─── MATERIAL FOR THIS TASK

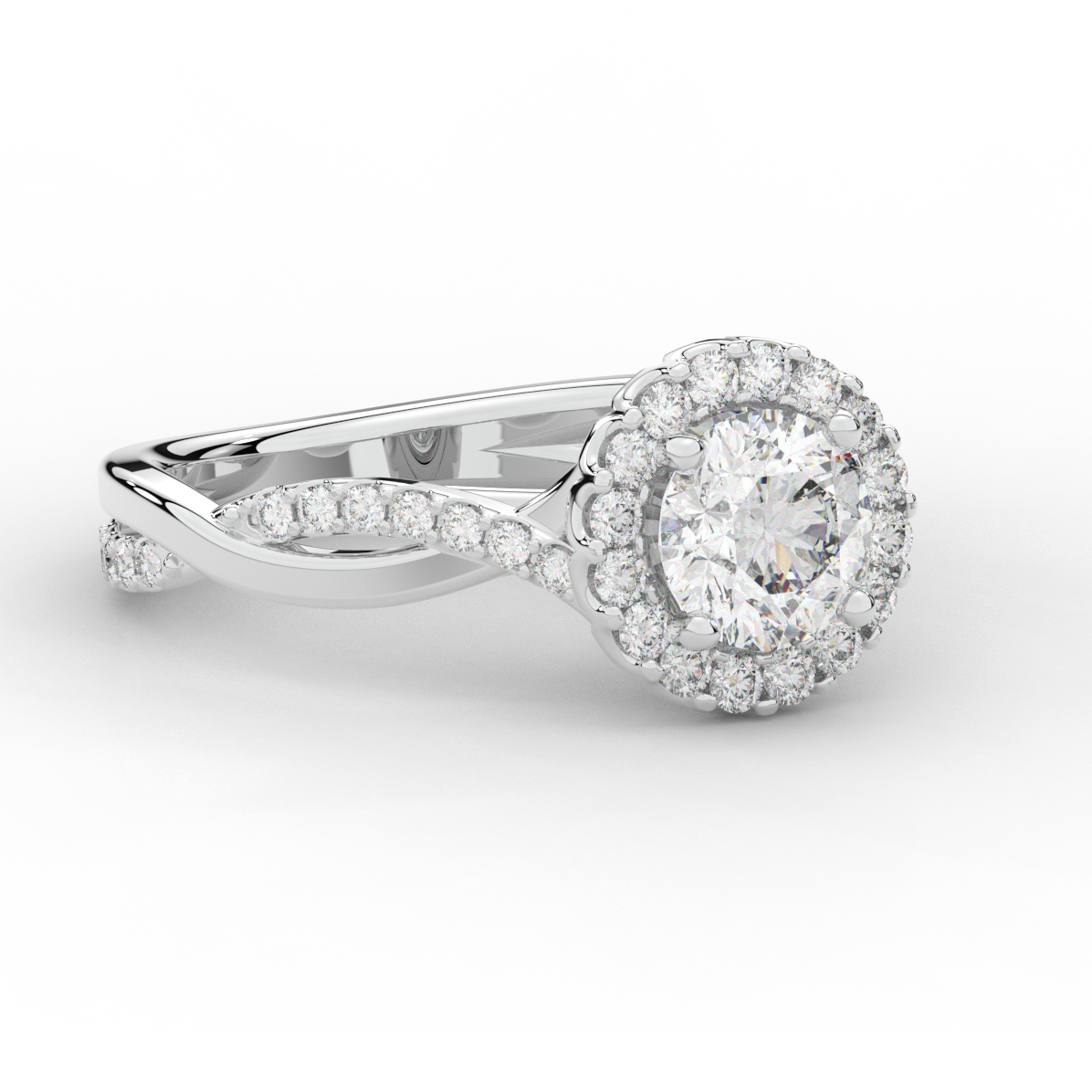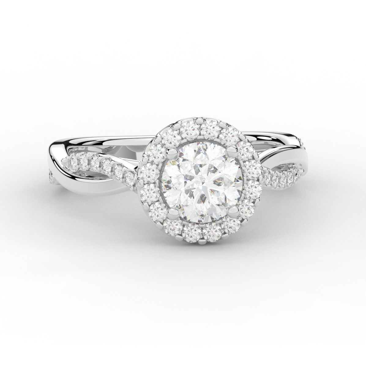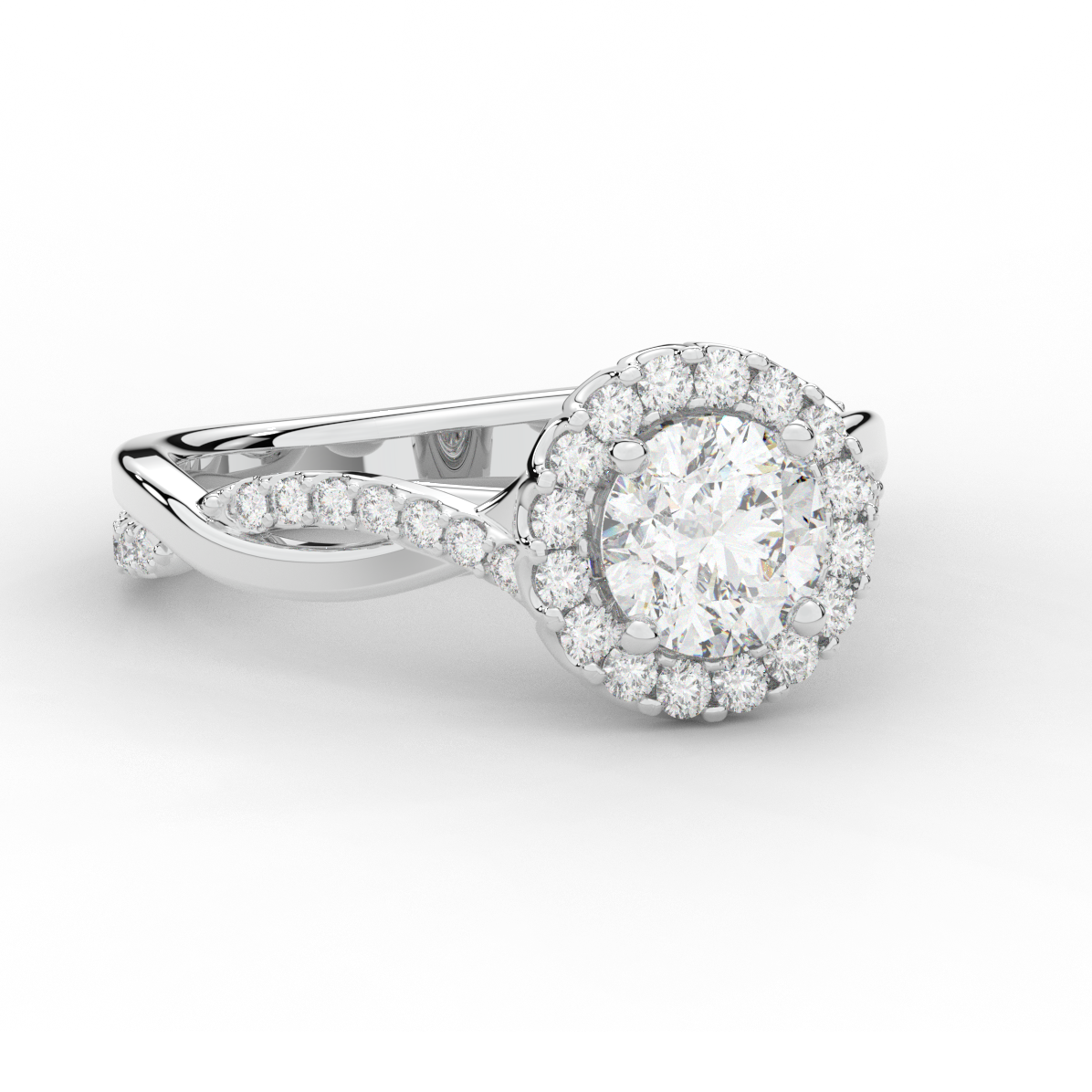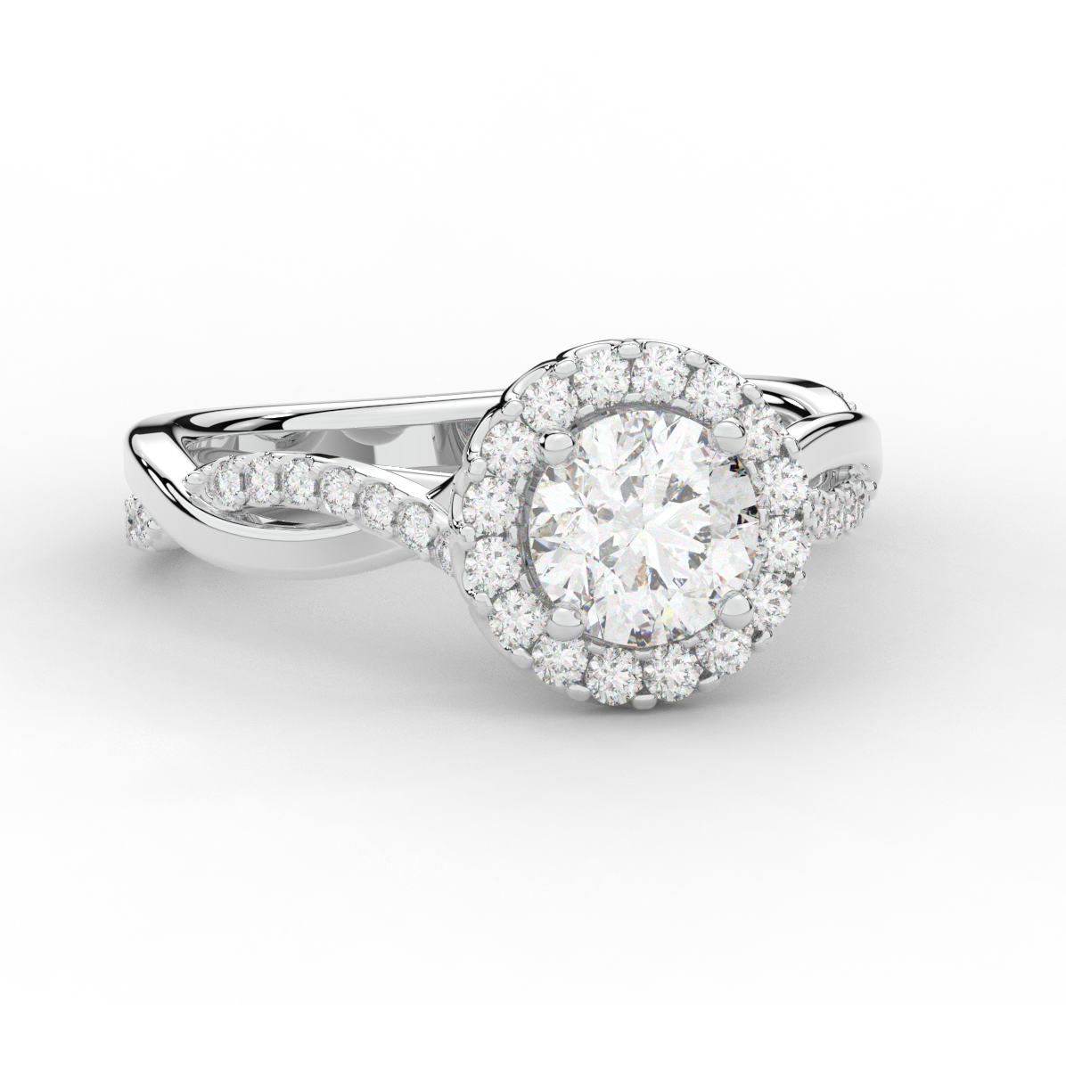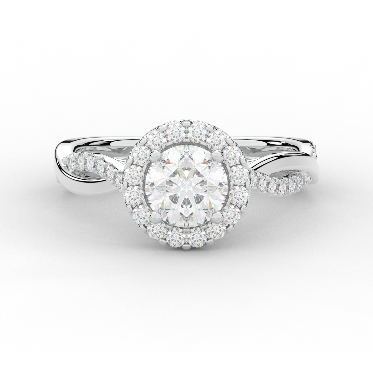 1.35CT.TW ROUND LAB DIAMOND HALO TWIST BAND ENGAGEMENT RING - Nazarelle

──────
─── MATERIAL FOR THIS TASK

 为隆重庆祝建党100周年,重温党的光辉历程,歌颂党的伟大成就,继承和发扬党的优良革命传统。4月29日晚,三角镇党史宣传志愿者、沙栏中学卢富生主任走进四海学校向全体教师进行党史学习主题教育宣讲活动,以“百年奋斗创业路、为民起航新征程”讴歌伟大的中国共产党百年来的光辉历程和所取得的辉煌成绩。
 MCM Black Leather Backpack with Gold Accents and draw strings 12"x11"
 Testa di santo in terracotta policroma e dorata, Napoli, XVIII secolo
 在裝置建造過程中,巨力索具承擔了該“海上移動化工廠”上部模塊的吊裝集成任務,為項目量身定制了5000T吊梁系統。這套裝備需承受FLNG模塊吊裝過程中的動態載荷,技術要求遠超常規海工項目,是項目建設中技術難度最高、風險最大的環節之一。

──────
─── MATERIAL FOR THIS TASK

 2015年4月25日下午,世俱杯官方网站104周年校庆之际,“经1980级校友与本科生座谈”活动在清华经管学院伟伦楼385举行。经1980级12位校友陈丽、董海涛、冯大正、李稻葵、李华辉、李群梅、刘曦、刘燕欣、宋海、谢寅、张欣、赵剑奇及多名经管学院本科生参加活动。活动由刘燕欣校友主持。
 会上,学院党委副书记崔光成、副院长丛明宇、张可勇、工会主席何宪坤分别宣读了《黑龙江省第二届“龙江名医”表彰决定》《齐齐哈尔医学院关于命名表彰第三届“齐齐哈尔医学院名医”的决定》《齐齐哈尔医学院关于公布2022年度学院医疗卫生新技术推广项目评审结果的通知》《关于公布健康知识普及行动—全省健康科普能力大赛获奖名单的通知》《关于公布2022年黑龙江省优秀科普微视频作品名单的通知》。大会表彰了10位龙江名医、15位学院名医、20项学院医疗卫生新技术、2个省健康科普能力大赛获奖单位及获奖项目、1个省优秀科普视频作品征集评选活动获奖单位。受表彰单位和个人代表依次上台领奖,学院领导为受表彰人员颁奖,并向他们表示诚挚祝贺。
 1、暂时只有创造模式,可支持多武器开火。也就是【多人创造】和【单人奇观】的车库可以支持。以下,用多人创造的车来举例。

──────

*PROBLEM TO SOLVE:* Transcribe, exactly and without additions, the lines of the records above, beginning with the line that contains "MCM Black Leather" and ending with the line that contains "在裝置建造過程中,巨力索具承", both included.

*EXERCISE ANSWER:*
 MCM Black Leather Backpack with Gold Accents and draw strings 12"x11"
 Testa di santo in terracotta policroma e dorata, Napoli, XVIII secolo
 在裝置建造過程中,巨力索具承擔了該“海上移動化工廠”上部模塊的吊裝集成任務,為項目量身定制了5000T吊梁系統。這套裝備需承受FLNG模塊吊裝過程中的動態載荷,技術要求遠超常規海工項目,是項目建設中技術難度最高、風險最大的環節之一。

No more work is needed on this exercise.